Material shown -
-- Opening Marker --
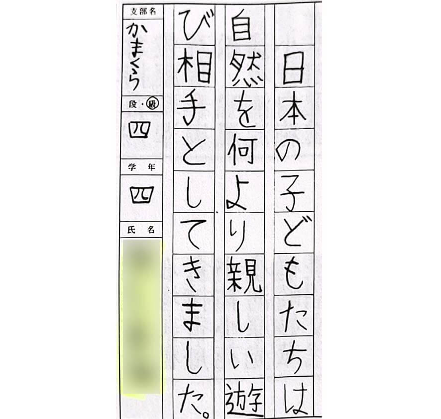 小学四年生の硬筆作品が第一位となり、写真掲載されていました。
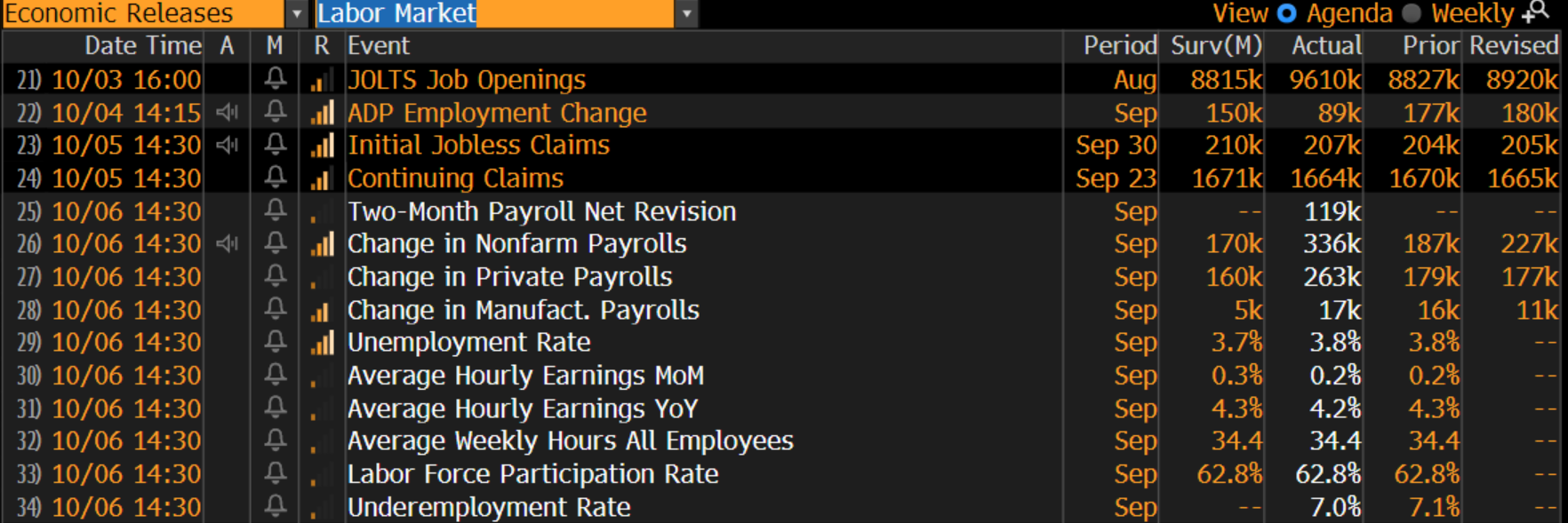 Il mercato del lavoro americano ha confermato la sua solidità nel mese di settembre, con un elevato numero di nuovi posti di lavoro e un numero ridotto di sussidi di disoccupazione, come di seguito rappresentato:
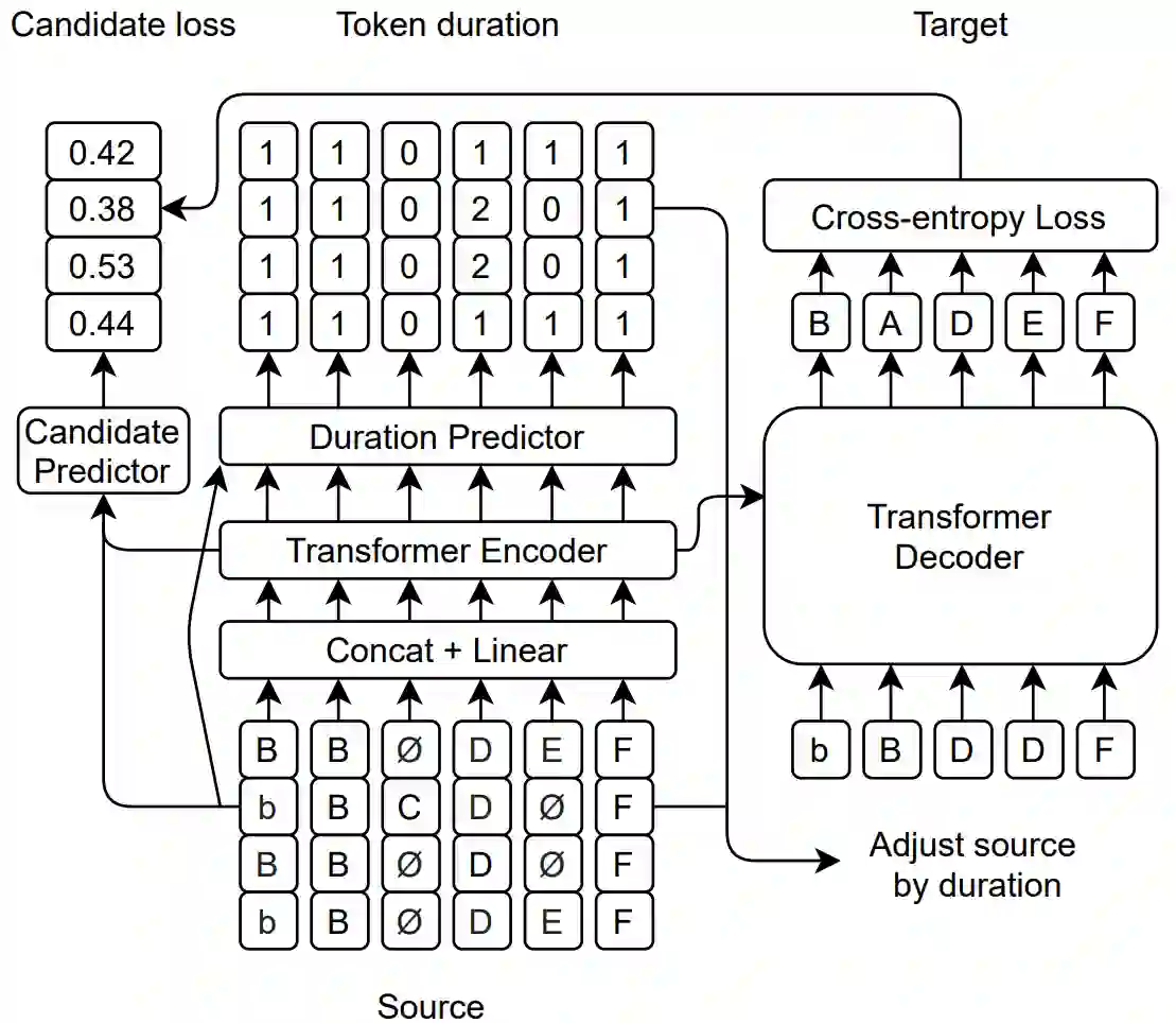 翻译:在自动语音识别(ASR)后处理生成的句子时广泛使用错误校正(ASR),这可以进一步降低字错误率(WER)。虽然多个候选人是通过ASR系统通过光搜索生成的,但当前错误校正方法只能一次纠正一个句子,无法从多个候选人中利用表决效应更好地检测和纠正错误符号。在这项工作中,我们建议快速更正2,一个将多个 ASR 候选人作为改进校正准确度的输入的错误校正模式。快速更正2,采用非自动递校制生成快速推断,包括一个编码器,处理多源句子和解码器,从调整源句的句子中平行生成目标句子。但目前的错误校正方法只能根据每个源符号的预测时间长度来纠正一个句子。首先,我们建议采用新的校正校正校正算算算算算法,使多个句子的代号一致程度最大化。第二, decoder 只能用一个校正的源代码来测试一个校正的版本,而我们只能用一个校正的版本来测试一个校正版本版本的版本的版本。
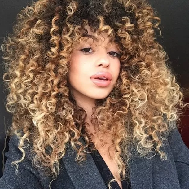 Rihanna’s long blonde stylegives off serious retro vibes thanks to its spiral curls, face framing bangs and warm, buttery shade.
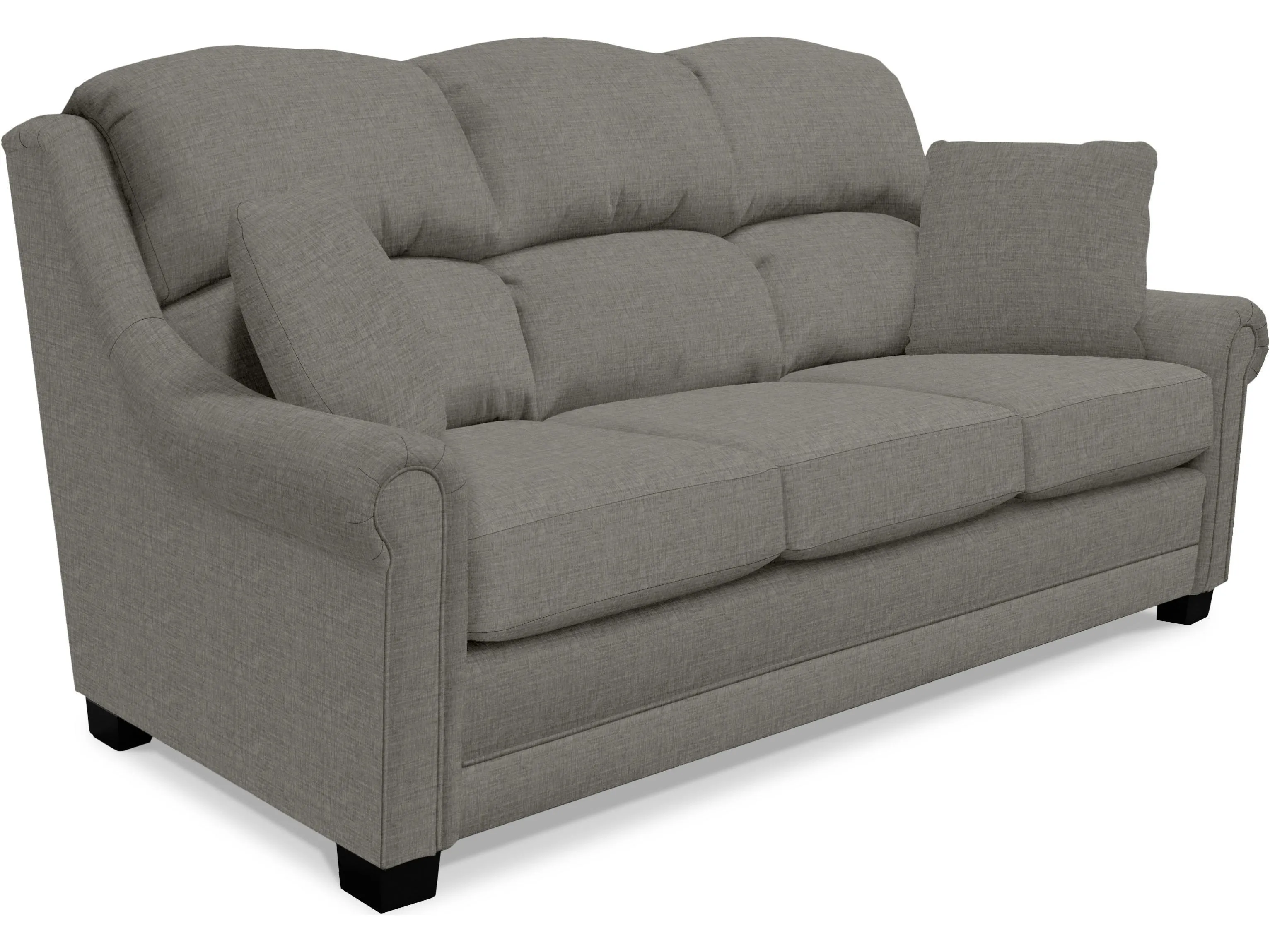 Construction Back: Sinuous wire, attached, poly fiber fill, zipper access. Seat: Sinuous wire, block foam with poly fiber wrap, ventilated, reversible. Legs: 4'' x 3.63'' x 2.75'' wood pyramid, screw-in. Pillows: 2 x 20'' fiber fill. Optional upgrades: Frame Coil, Coil Cushion, feather blend pillows.
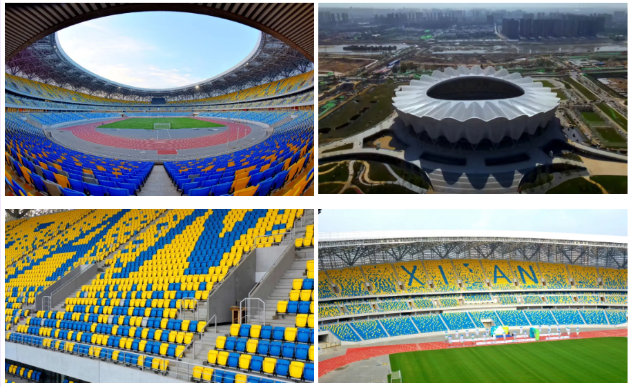 1、西安奥体中心体育场:新建甲级特大型体育场,建筑面积15.65万平方米,座位数60033座,该项目以“丝路启航,盛世之花”为主题,建筑形态取意于石榴花,通过有韵律的变化,寓意丝绸之路。承担十四运会开幕式、田径比赛项目。
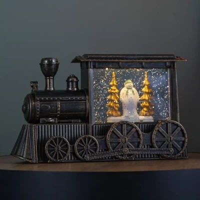 All aboard the Christmas express! Add a touch of festive magic to your decor with this charming 17cm Battery Operated Light up Christmas Train Water Spinner with The Snowman and Snowdog. Whether displayed on a mantelpiece, shelf, or windowsill, this festive piece adds nostalgic charm and light to your seasonal display.. At the heart of this beautifully designed black and bronze decoration is a heartwarming scene featuring the beloved characters The Snowman and The Snowdog, brought to life with light and movement. Crafted in the shape of a vintage style train engine, The Snowman and The Snowdog are surrounded by a swirling flurry of silver glitter, creating a continuous snowstorm effect that sparkles as it moves. A warm white LEDs softly illuminate the scene from within, casting a gentle, golden glow that enhances every glittering swirl. Powered by 3 x AA batteries for easy placement without the hassle of plugs and wires.. Suitable for indoor use only.. Product Specifications. Warm White LEDs. Height: 17cm Length: 25cm Width: 9cm. Requires 3 x Batteries
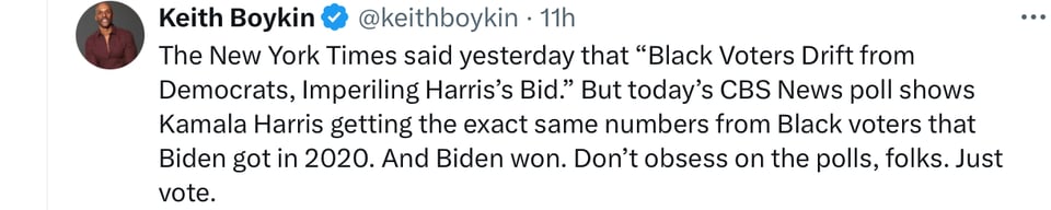 “There are more Black folks supporting Donald Trump than I thought,” he said, blaming what he called misinformation surrounding Harris’ background as a former prosecutor.
-- Closing Marker --
Work request -
Return only the part above that opens with the line containing "Il mercato del" and closes with the line containing "Rihanna’s long blonde", exactly and with both ends, skipping the pictures.

Response to the exercise -
 Il mercato del lavoro americano ha confermato la sua solidità nel mese di settembre, con un elevato numero di nuovi posti di lavoro e un numero ridotto di sussidi di disoccupazione, come di seguito rappresentato:
 翻译:在自动语音识别(ASR)后处理生成的句子时广泛使用错误校正(ASR),这可以进一步降低字错误率(WER)。虽然多个候选人是通过ASR系统通过光搜索生成的,但当前错误校正方法只能一次纠正一个句子,无法从多个候选人中利用表决效应更好地检测和纠正错误符号。在这项工作中,我们建议快速更正2,一个将多个 ASR 候选人作为改进校正准确度的输入的错误校正模式。快速更正2,采用非自动递校制生成快速推断,包括一个编码器,处理多源句子和解码器,从调整源句的句子中平行生成目标句子。但目前的错误校正方法只能根据每个源符号的预测时间长度来纠正一个句子。首先,我们建议采用新的校正校正校正算算算算算法,使多个句子的代号一致程度最大化。第二, decoder 只能用一个校正的源代码来测试一个校正的版本,而我们只能用一个校正的版本来测试一个校正版本版本的版本的版本。
 Rihanna’s long blonde stylegives off serious retro vibes thanks to its spiral curls, face framing bangs and warm, buttery shade.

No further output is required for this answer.